(RECORD SET begins)

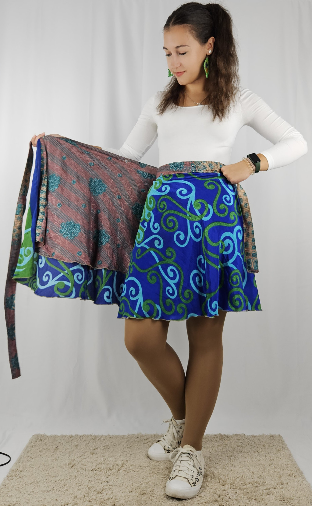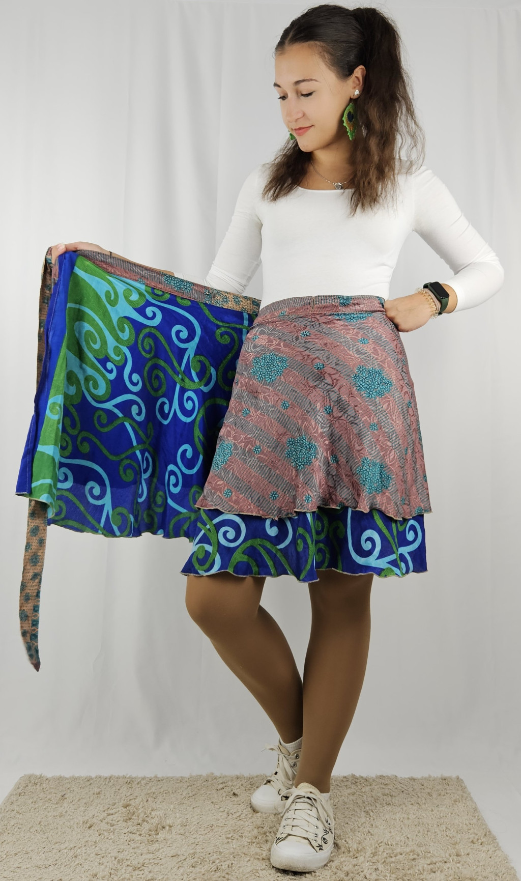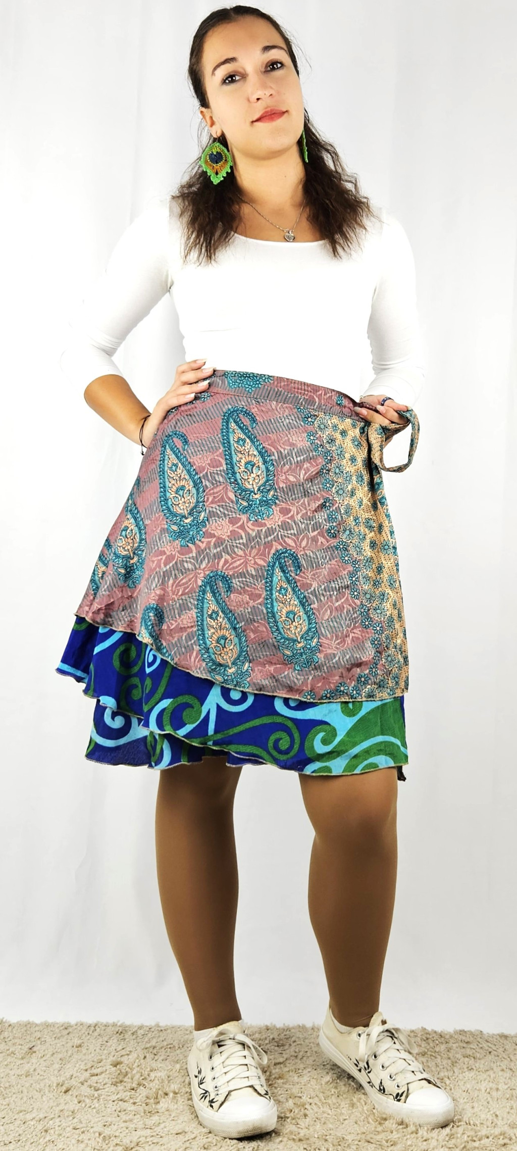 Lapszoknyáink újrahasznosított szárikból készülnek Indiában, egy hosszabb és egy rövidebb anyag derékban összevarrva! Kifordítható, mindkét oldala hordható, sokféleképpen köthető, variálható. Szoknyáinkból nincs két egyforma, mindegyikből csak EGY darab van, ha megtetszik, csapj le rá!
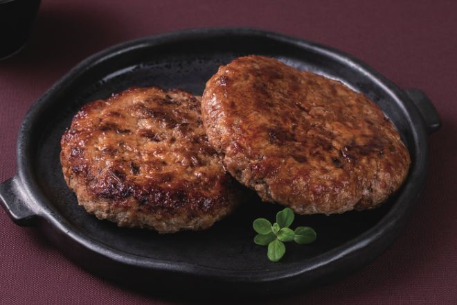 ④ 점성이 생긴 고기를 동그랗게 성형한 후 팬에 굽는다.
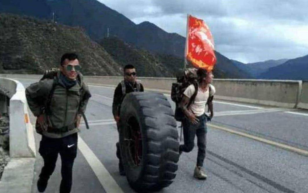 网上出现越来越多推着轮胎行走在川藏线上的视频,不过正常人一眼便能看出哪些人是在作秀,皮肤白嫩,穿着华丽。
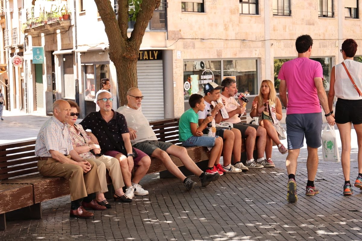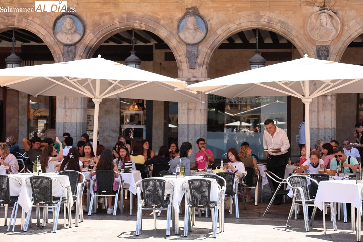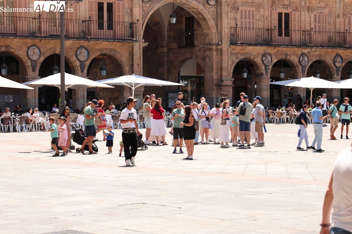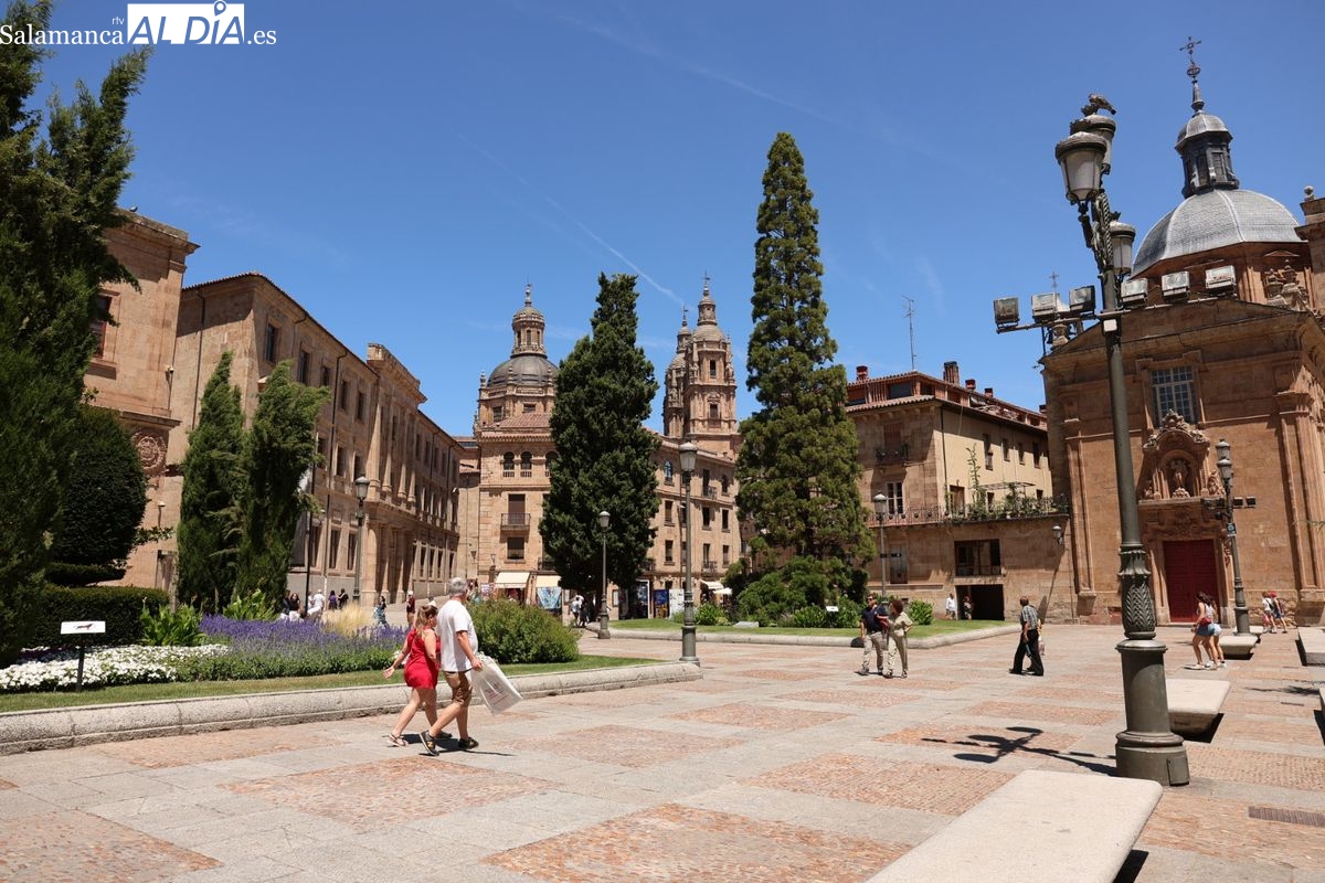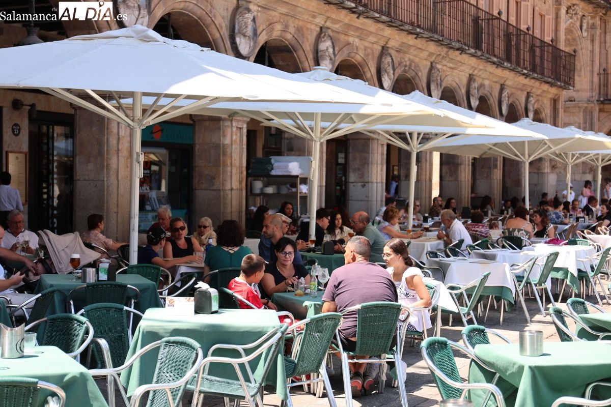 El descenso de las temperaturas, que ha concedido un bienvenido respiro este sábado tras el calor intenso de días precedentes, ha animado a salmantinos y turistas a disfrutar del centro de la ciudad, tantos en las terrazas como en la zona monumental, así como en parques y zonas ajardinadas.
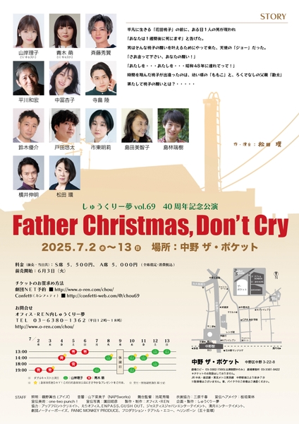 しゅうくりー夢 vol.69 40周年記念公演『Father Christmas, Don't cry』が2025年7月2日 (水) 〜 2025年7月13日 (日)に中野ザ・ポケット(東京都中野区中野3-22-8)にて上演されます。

(RECORD SET ends)

## WHAT YOU WILL DO
Take the entries above and restate them word for word, minus their images.

## ANSWER TO THE EXERCISE
 Lapszoknyáink újrahasznosított szárikból készülnek Indiában, egy hosszabb és egy rövidebb anyag derékban összevarrva! Kifordítható, mindkét oldala hordható, sokféleképpen köthető, variálható. Szoknyáinkból nincs két egyforma, mindegyikből csak EGY darab van, ha megtetszik, csapj le rá!
 ④ 점성이 생긴 고기를 동그랗게 성형한 후 팬에 굽는다.
 网上出现越来越多推着轮胎行走在川藏线上的视频,不过正常人一眼便能看出哪些人是在作秀,皮肤白嫩,穿着华丽。
 El descenso de las temperaturas, que ha concedido un bienvenido respiro este sábado tras el calor intenso de días precedentes, ha animado a salmantinos y turistas a disfrutar del centro de la ciudad, tantos en las terrazas como en la zona monumental, así como en parques y zonas ajardinadas.
 しゅうくりー夢 vol.69 40周年記念公演『Father Christmas, Don't cry』が2025年7月2日 (水) 〜 2025年7月13日 (日)に中野ザ・ポケット(東京都中野区中野3-22-8)にて上演されます。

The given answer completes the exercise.